9月中旬インタビューに応えたサンチェス首相は、今年末の電気料金をインフレを加味した上で18年レベルに抑制すると述べ、付加価値税減免の継続に加え7%の発電税を年末まで廃止、5.1%の電力税を0.5%まで引き下げることを発表した。首相は電力会社が不当な利益を上げているとして、電力会社の利益に課税し、その額を消費者に還元するとも発表したが、電力会社は市場への介入を許さないとして強く反発している。
ギリシャ政府は、1億5000万ユーロを投入し、大多数の家庭に補助金を支出する計画を発表した。フランス政府も貧困家庭に100ユーロのエネルギークーポン配布を決めた。各国政府は消費者が負担する料金抑制に努めている。そんな中で、ポーランド・モラヴィエツキ首相は「ECの気候変動政策と高騰しているポーランドの電気料金には密接な関係がある」とECを非難している。ECが進めた脱炭素政策が排出枠価格を上昇させ、同国の主電源である石炭火力発電のコストを上昇させたからだ。
脱石炭がもたらした天然ガス依存
20年のEU27カ国の電源別発電量は、原子力25%、天然ガス火力20%、石炭・褐炭火力13%、風力14%、水力13%、太陽光5%となっている(図-4)。脱炭素政策を受けEU27カ国合計では、石炭、褐炭火力からの発電量が減少している。風力、太陽光発電が伸びているが、石炭、褐炭火力の減少分を再エネからの発電量では埋めることができず、落ち込み分の約半分は天然ガス火力の発電量増によりカバーしている(図-5)。

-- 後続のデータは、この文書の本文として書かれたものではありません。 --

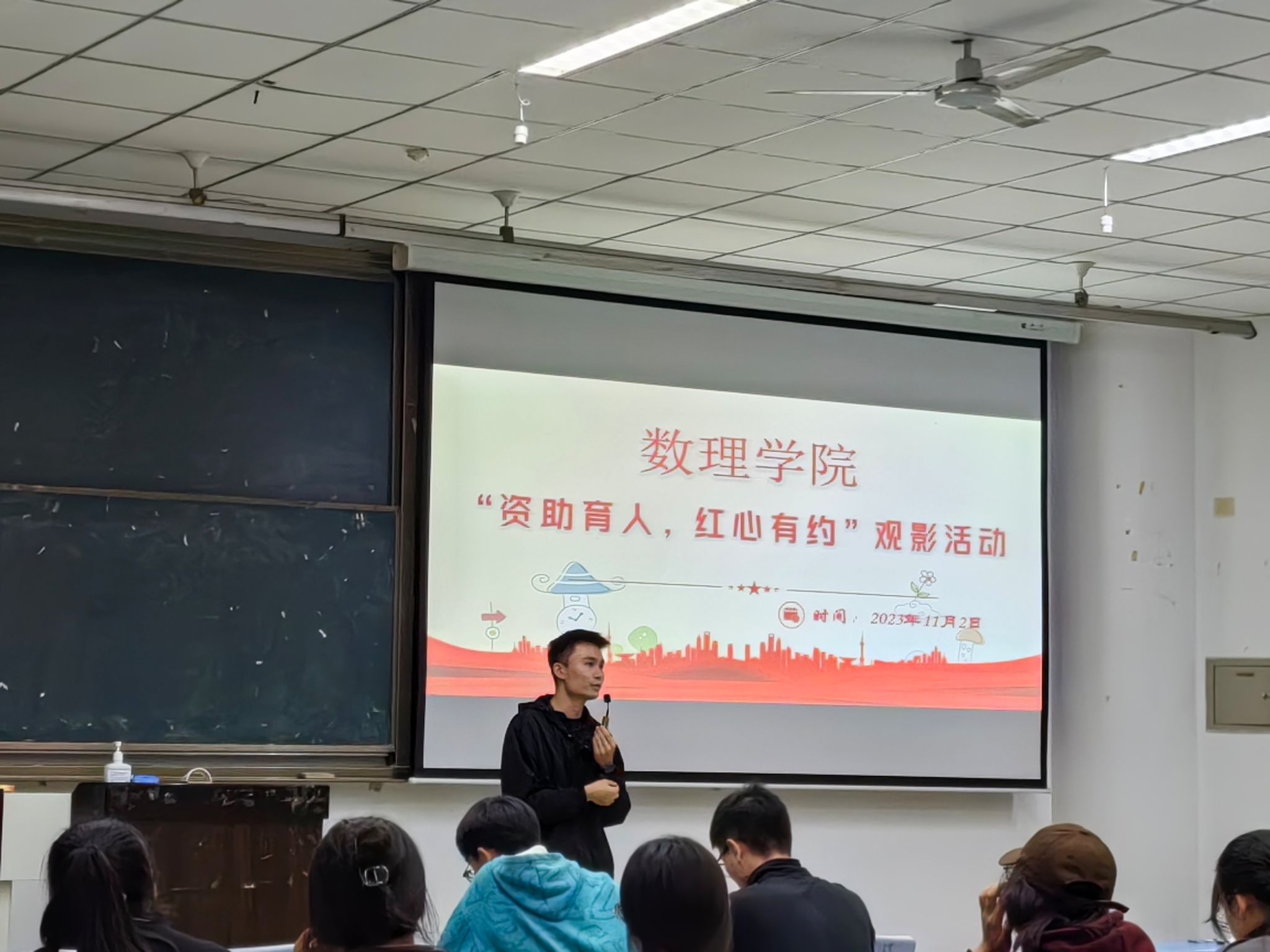 本网讯(文/林思婷 图/刘兴会、李秦)为进一步加强对学生的励志感恩教育,营造良好的资助育人氛围,11月2日晚七点,数理学院在行知楼214教室开展了资助育人“红心有约”观影活动。2020级辅导员廖宇以及150余名家庭经济困难学生共同观看了电影《八角笼中》。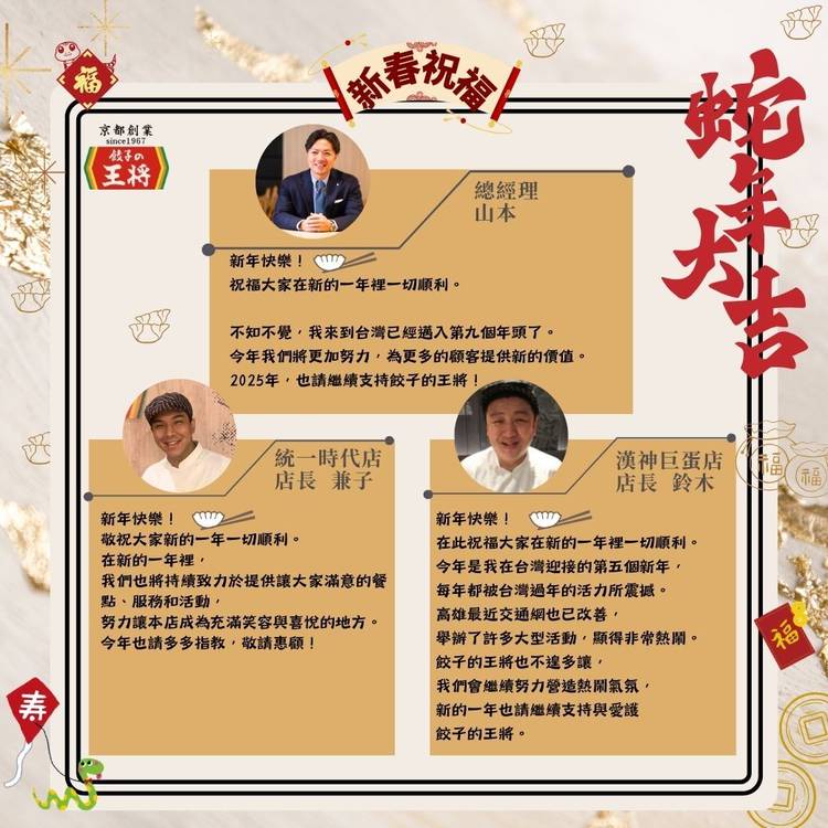 匠心料理為爸開桌,巨蛋店父親節套餐上市! 這裡是來自京都,創業於1967的 🥟餃子の王將🥟 今年父親節就用一桌熱騰騰的中華好菜,感謝爸爸的辛勞與守護。 活動期間:2025年7月10日-8月10日 🎉 父親節套餐,經典熱炒+期間限定料理一次滿足 🎁 滿 300 元送 50 元折價券,下次來更划算!! 漢神巨蛋店 🈺高雄市左營區博愛二路777號4樓(高雄漢神巨蛋) ☎️07-586...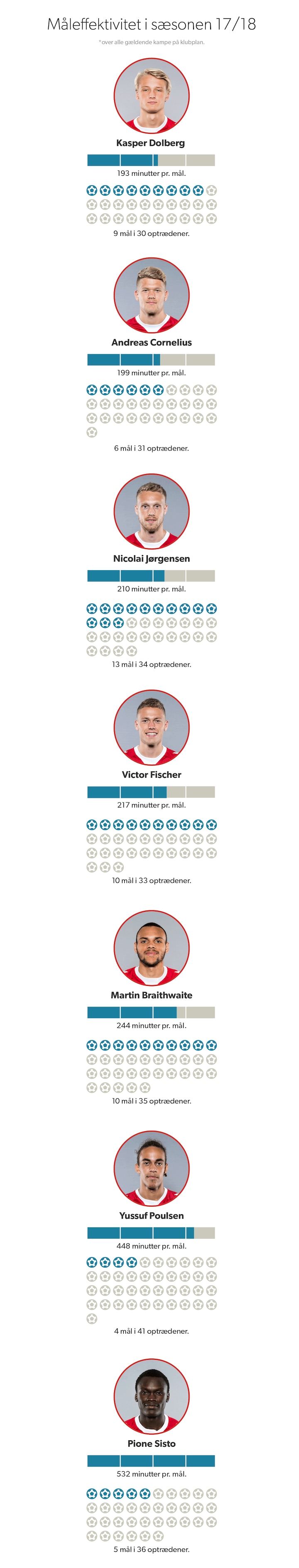 Kasper Dolberg har været anset som den største overraskelse i VM-truppen. Han har haft en skuffende sæson i Ajax, hvor han har mistet sin startplads i angrebet. Men hvis man ser på, hvor mange minutter landsholdsspillerne skal bruge på at score, klarer Dolberg sig bedst.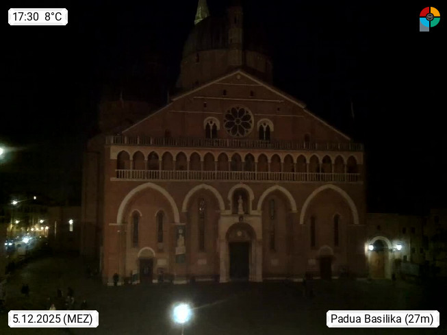 I 35100 Padua 12m, Hauptstadt der Provinz Padua (Padova) am Fluss Bacchiglione rund 30 km westlich von Venedig. Blick zur Basilika des Heiligen Antonius im Stadtzentrum, eines der berühmtesten und meistbesuchten Heiligtümer Italiens. Präsentiert von https://www.santantonio.info/.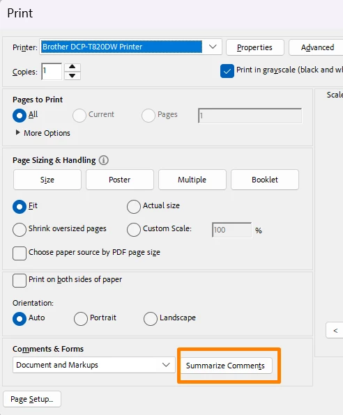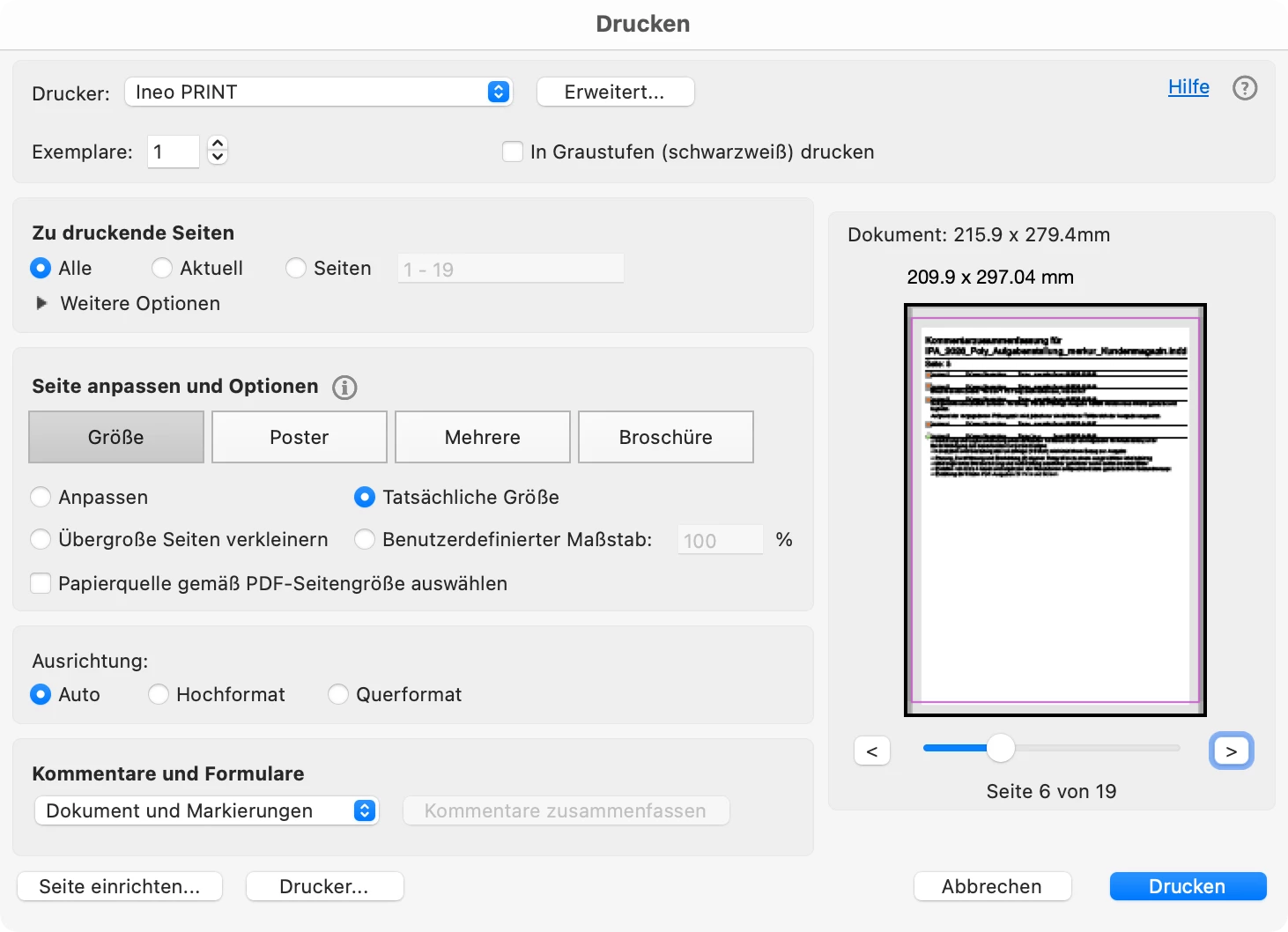 Ich möchte eine PDF-Datei mit Kommentaren so ausdrucken, dass auf der linken Seite des Ausdruckes die PDF-Seite abgebildet ist und rechts die Kommentare aufgelistet sind. Aktuell bekomme ich das nur so hin, dass die Kommentare auf einer separaten Seite (siehe Screenshot) aufgelistet sind. In Word gibt es eine ähnliche Funktion (siehe Screenshot). Vor einigen Jahren habe ich eine Tastenkombination dafür gekannt, diese habe ich leider vergessen… Wer hat eine Idee?

EU全体では石炭・褐炭火力からの発電量は大きく減少しているが、国により石炭火力減少のスピードは大きく異なっている。簡単に言えば、石炭火力からの発電量を急速に削減した西側主要国に対し、依然として石炭火力への依存が高く削減スピードが緩やかな中東欧諸国の形になっている。電気料金上昇を回避したい中東欧諸国は簡単に石炭火力を廃止できない。
さらに、ポーランドなどは国内の石炭産業の雇用維持の問題もある。図-6が、いくつかの国の石炭・褐炭火力発電量の推移を示している。発電量が大きいので図には示していないが、国内に褐炭炭鉱を抱えるドイツは、雇用維持の観点から依然として褐炭による大きな発電量を維持しているが、それでも石炭火力からの発電量は急減している。他の西側諸国も押しなべて急速な「石炭離れ」を進めた。